### REQUIREMENT
Write out the lines below exactly, beginning at the one with "- Solid wood" and stopping after the one with "Fototapeta premium Flat"; the pictures are not copied.

### ENTRIES PROVIDED
++++++++++

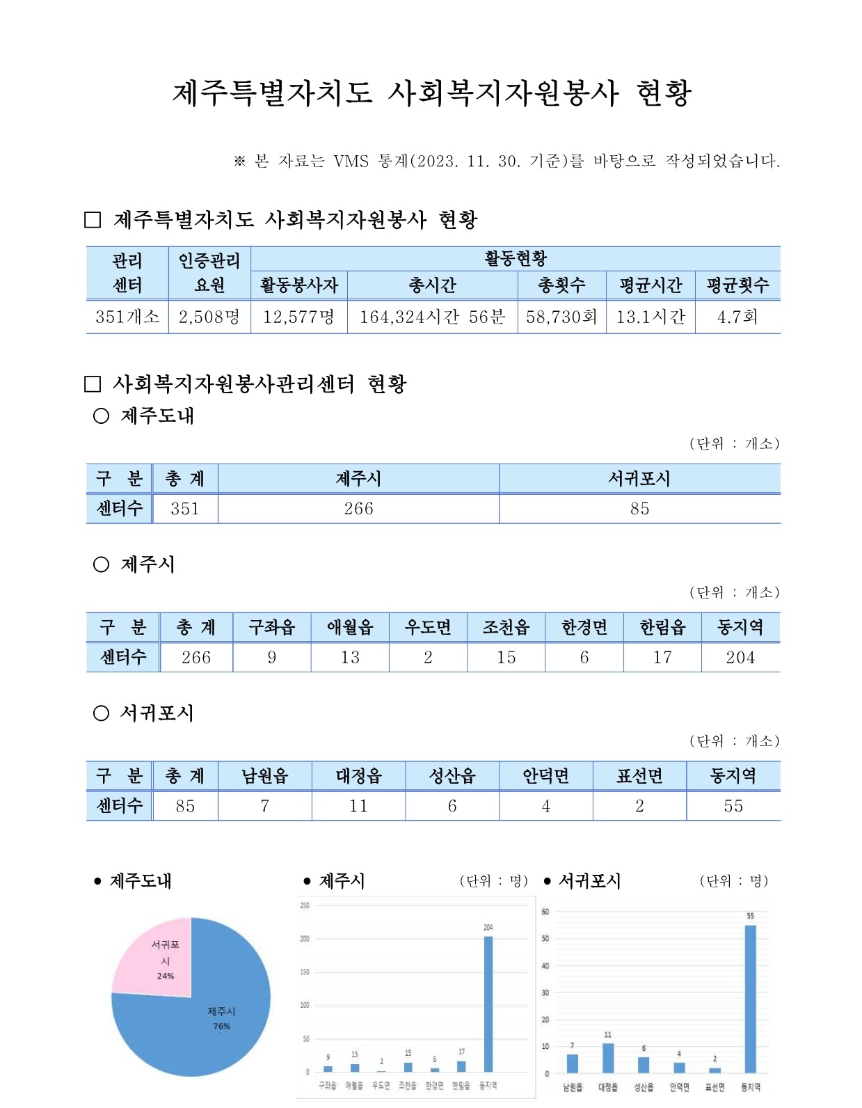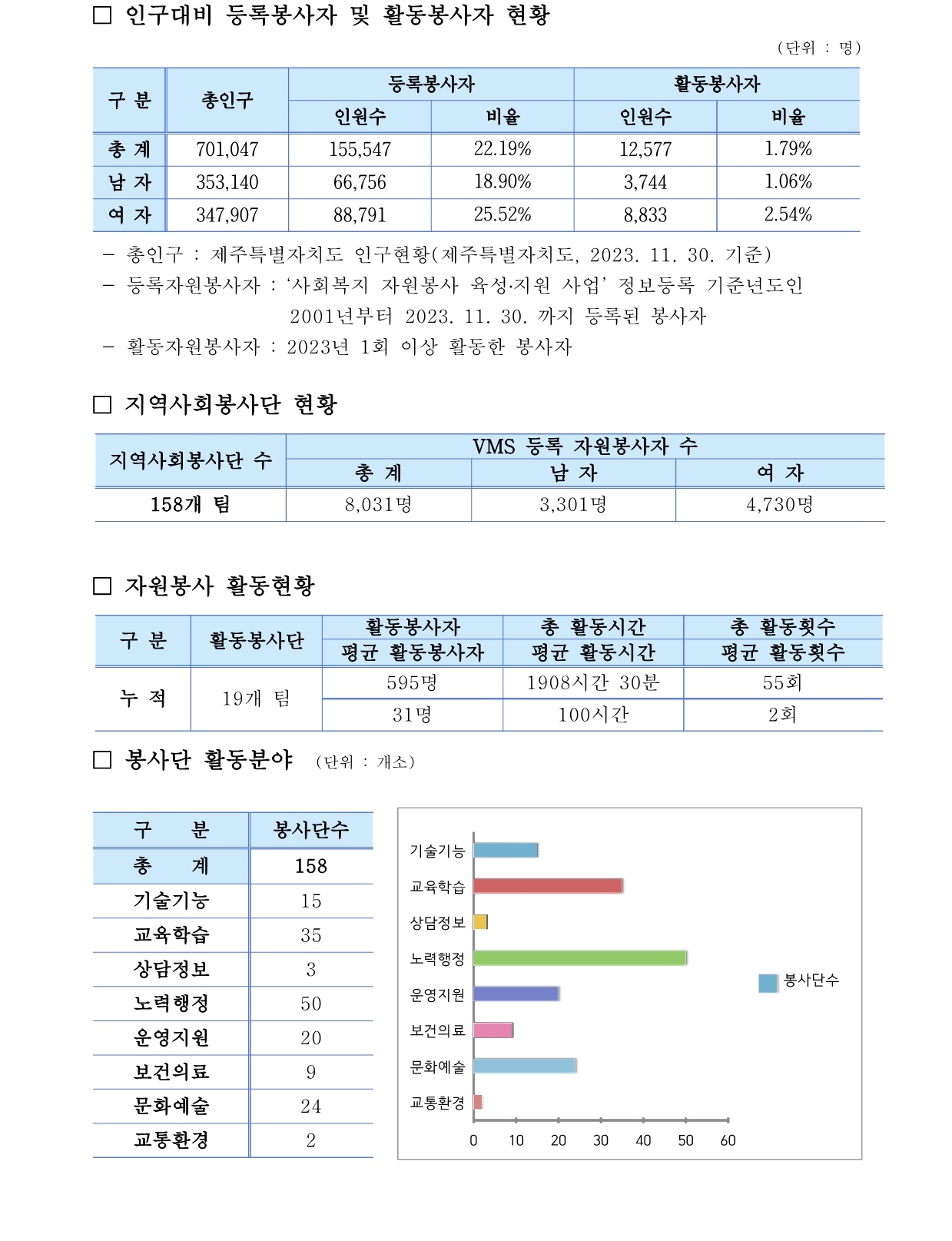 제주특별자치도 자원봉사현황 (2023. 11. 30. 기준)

++++++++++

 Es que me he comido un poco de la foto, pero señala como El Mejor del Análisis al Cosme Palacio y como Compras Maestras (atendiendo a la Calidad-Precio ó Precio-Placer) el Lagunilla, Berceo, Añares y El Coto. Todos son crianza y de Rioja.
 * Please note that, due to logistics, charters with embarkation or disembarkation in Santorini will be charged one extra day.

++++++++++

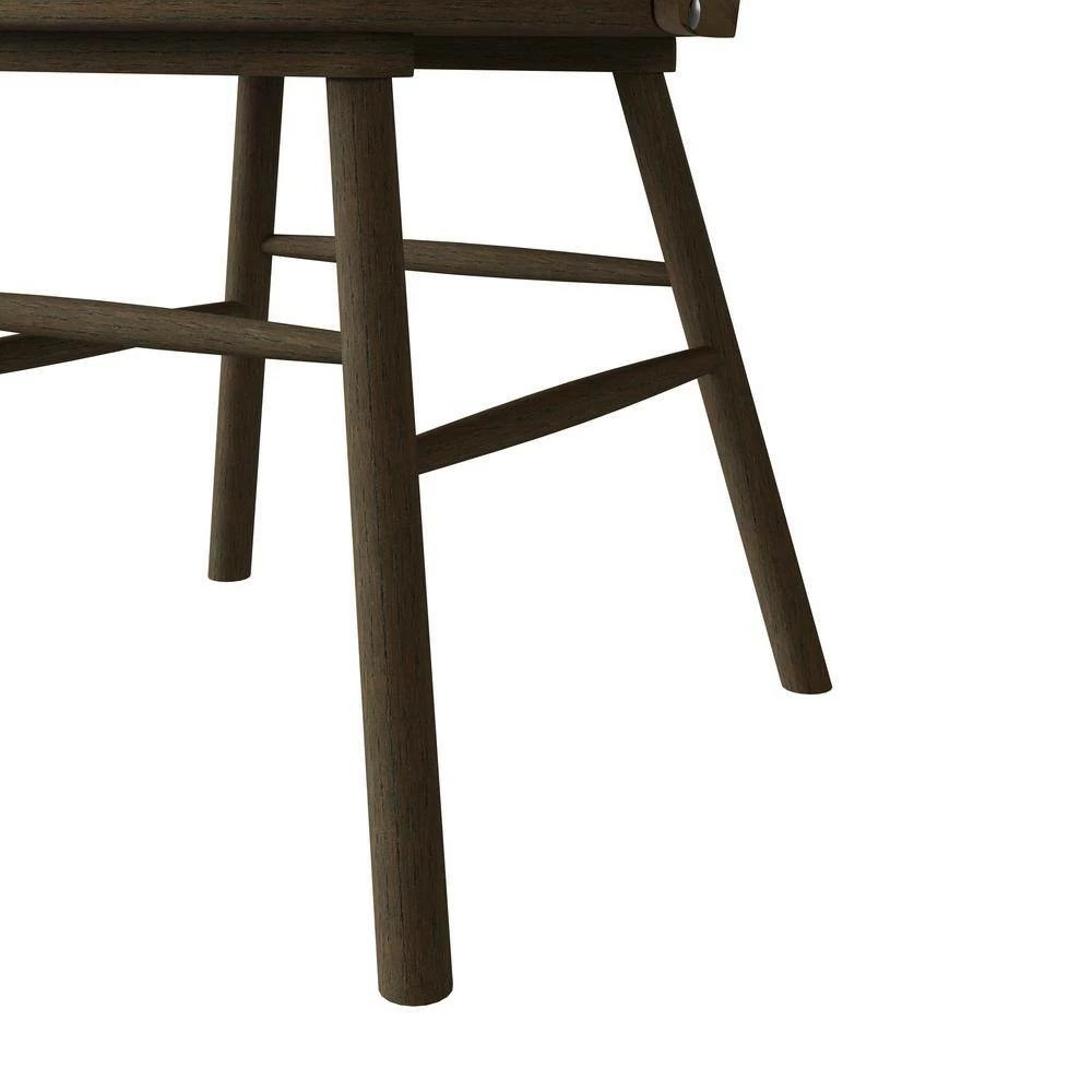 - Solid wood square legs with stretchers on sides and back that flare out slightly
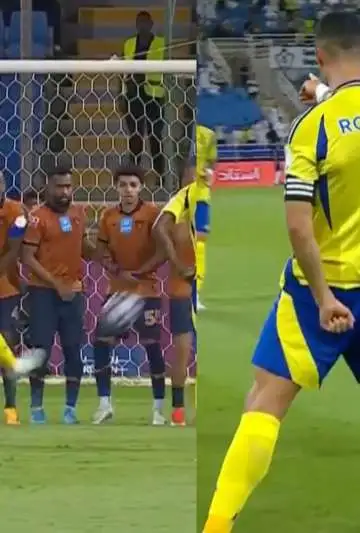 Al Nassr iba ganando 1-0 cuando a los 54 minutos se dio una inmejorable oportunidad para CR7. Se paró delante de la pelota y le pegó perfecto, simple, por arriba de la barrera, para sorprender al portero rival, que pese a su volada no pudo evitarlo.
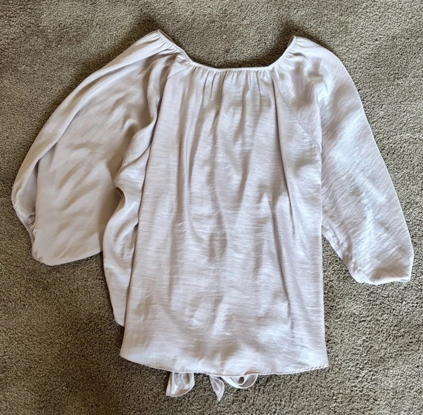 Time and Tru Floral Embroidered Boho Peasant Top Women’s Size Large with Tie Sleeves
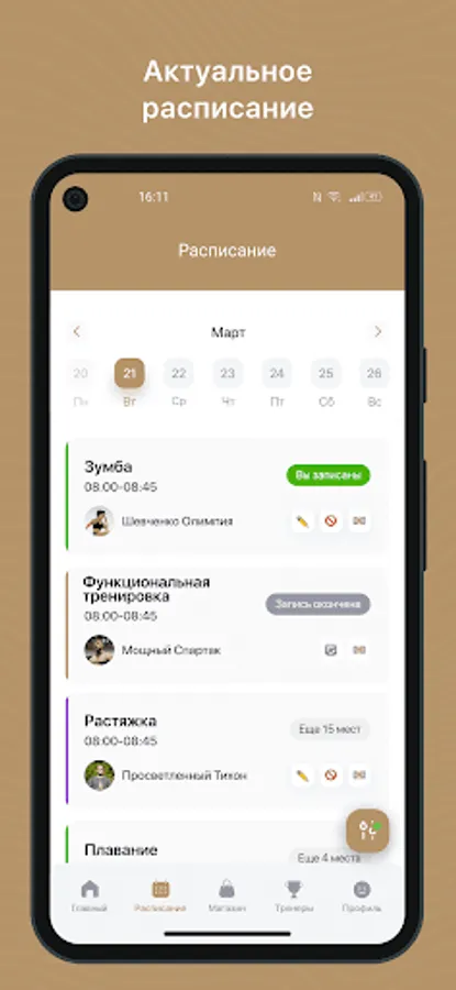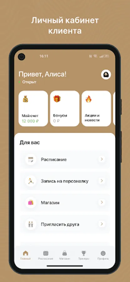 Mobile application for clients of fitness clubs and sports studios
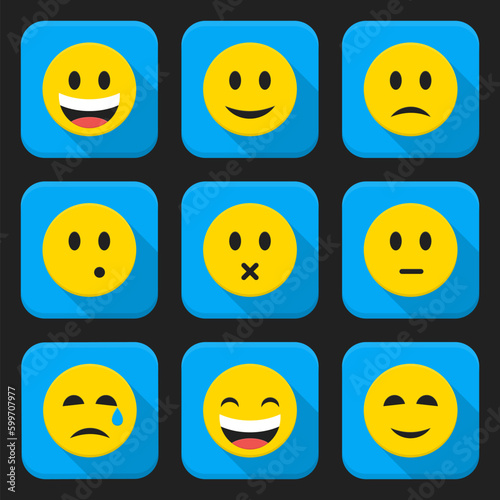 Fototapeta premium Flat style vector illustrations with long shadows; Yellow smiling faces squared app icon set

++++++++++

### WRITTEN RESPONSE
 - Solid wood square legs with stretchers on sides and back that flare out slightly
 Al Nassr iba ganando 1-0 cuando a los 54 minutos se dio una inmejorable oportunidad para CR7. Se paró delante de la pelota y le pegó perfecto, simple, por arriba de la barrera, para sorprender al portero rival, que pese a su volada no pudo evitarlo.
 Time and Tru Floral Embroidered Boho Peasant Top Women’s Size Large with Tie Sleeves
 Mobile application for clients of fitness clubs and sports studios
 Fototapeta premium Flat style vector illustrations with long shadows; Yellow smiling faces squared app icon set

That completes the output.